Impact of Janus kinase inhibitors and methotrexate on interstitial lung disease in rheumatoid arthritis patients

Abstract

Objectives: Little is known about how various treatments impact the progression of interstitial lung disease (ILD) in rheumatoid arthritis (RA) patients. Here, we compared ILD progression in RA patients treated with Janus kinase inhibitors (JAKi) or biological disease-modifying anti-rheumatic drugs (bDMARDs). In vitro experiments were also performed to evaluate the potential effects of the drugs on epithelial-mesenchymal transition (EMT), a key event in pulmonary fibrosis.

Methods: This retrospective study included 93 RA-ILD patients who initiated treatment with JAKi, tumour necrosis factor inhibitors (TNFi), or abatacept between 2017 and 2020. Worsening ILD was quantified by changes in chest computed tomography (CT) scans between baseline and follow-up (mean 14 months, range 6-51 months). Response to treatment was evaluated using Disease Activity Score-28 with erythrocyte sedimentation rate (DAS28-ESR). Expression of the EMT marker N-cadherin in A549 lung cells was assessed by western blotting.

Results and discussion: Worsening ILD was detected in 19.4% (7/36), 16.7% (5/30), and 22.2% (6/27) of patients treated with JAKi, abatacept, and TNFi, respectively.
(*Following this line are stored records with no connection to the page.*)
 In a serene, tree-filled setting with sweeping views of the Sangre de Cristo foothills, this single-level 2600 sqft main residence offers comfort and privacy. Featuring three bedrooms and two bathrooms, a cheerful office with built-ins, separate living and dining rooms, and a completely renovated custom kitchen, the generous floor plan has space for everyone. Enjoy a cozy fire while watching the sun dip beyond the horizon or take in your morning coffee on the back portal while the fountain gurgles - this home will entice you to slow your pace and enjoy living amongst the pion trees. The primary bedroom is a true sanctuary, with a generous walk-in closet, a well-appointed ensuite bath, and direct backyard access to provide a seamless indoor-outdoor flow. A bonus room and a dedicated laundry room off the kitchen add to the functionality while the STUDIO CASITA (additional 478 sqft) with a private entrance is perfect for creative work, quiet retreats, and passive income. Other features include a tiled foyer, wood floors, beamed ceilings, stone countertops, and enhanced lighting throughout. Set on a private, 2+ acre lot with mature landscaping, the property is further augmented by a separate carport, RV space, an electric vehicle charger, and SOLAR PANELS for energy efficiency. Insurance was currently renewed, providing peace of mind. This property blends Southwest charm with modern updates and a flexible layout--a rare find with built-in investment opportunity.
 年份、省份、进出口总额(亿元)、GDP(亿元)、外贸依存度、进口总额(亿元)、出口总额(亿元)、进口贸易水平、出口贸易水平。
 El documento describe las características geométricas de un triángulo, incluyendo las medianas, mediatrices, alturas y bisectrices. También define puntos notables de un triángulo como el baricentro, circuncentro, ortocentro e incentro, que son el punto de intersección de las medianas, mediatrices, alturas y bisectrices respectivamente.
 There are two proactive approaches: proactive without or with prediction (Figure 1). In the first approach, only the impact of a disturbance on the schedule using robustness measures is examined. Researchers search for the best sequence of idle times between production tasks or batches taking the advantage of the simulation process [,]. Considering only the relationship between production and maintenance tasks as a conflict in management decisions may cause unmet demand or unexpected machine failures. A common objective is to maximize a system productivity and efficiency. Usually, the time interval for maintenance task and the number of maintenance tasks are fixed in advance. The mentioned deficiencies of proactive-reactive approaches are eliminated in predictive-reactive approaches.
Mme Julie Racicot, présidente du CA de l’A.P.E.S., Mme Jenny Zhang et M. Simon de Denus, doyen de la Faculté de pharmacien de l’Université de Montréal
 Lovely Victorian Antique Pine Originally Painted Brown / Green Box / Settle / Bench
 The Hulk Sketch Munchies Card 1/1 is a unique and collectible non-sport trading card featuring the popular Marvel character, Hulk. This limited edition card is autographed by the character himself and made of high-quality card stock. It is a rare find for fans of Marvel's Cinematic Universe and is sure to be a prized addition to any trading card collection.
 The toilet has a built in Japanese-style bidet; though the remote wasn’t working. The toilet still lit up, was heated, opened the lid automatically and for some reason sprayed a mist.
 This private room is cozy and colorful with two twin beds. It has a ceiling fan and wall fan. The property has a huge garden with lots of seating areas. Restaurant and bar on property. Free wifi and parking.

Multivariate analysis identified female gender (P=0.043) and >10% fibrotic lesions (P=0.015) as significant predictors of worsening ILD. DAS28-ESR-based non-responder status was also significantly associated with worsening ILD (P=0.0085). In vitro, combination treatment with methotrexate and baricitinib significantly impeded EMT progression. Worsening ILD was associated with more extensive fibrotic lesions at baseline and female gender in RA patients treated with JAKi or bDMARDs. JAKi and methotrexate co-treatment may prove beneficial in modifying key events underlying the pathogenesis of RA-ILD.
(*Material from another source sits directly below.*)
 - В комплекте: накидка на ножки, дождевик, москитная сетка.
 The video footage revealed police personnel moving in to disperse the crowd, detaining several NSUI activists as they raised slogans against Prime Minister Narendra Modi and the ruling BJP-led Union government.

Keywords: JAK inhibitors; RA-ILD; epithelial-mesenchymal transition; interstitial lung disease; methotrexate; rheumatoid arthritis.

Figure 1

Selection of rheumatoid arthritis patients with interstitial lung disease for this study. Flowchart of the selection process. The initial pool comprised total 468 patients with rheumatoid arthritis (RA) who started treatment with JAK inhibitors (JAKi), T cell co-stimulation inhibitor (CTLA4-Ig), or TNF inhibitors (TNFi) between 2017 and 2020. Patients were excluded if (i) treatment duration was <6 months, (ii) chest high-resolution computed tomography (HRCT) images were unavailable at either baseline or follow-up, (iii) interstitial lung disease was not noted on baseline HRCT images, (iv) bronchiolitis or emphysema was the main lesion, and (v) organizing pneumonia (OP) pattern was diagnosed.

Figure 2

Comparison of inflammatory and fibrotic lesion changes between good/moderate responders and non-responders. Change from baseline to follow-up in the good/moderate responder group (n=58) and non-responder group (n=21) based on EULAR response criteria and DAS28-ESR scores. Data are presented as the mean and standard deviation; circles represent individual patients. ** P <0.01.

Figure 3

Cumulative probability plots of change from baseline in CT scores. Change from baseline to follow-up (ΔCT score) for (A) all patients and (B, C) patients with pulmonary fibrosis lesions in ≤10% of the total lung field who were treated with (B) or without (C) concomitant methotrexate (MTX). Circles represent individual patients.

Figure 4

Effects of MTX and baricitinib treatment on IL-6-induced N-cadherin expression in A549 cells. (A–C) Western blot analysis (left panels) and relative quantification (right panels) of N-cadherin expression in A549 cells pre-treated with various concentrations of methotrexate (MTX) for 48 h (A), baricitinib (Bari) for 3 h (B), or 0.2 μM Bari and/or 0.3 μM MTX for 48 h and 3 h, respectively (C) and then stimulated with 50 ng/mL IL-6 for 24 h Data are expressed as the mean of duplicates (a and b) or the mean ± standard error of quadruplicates (C). *P<0.001 compared to the control group, †P<0.01 compared to the IL-6 group, and §P<0.05 compared to the IL-6+Bari group.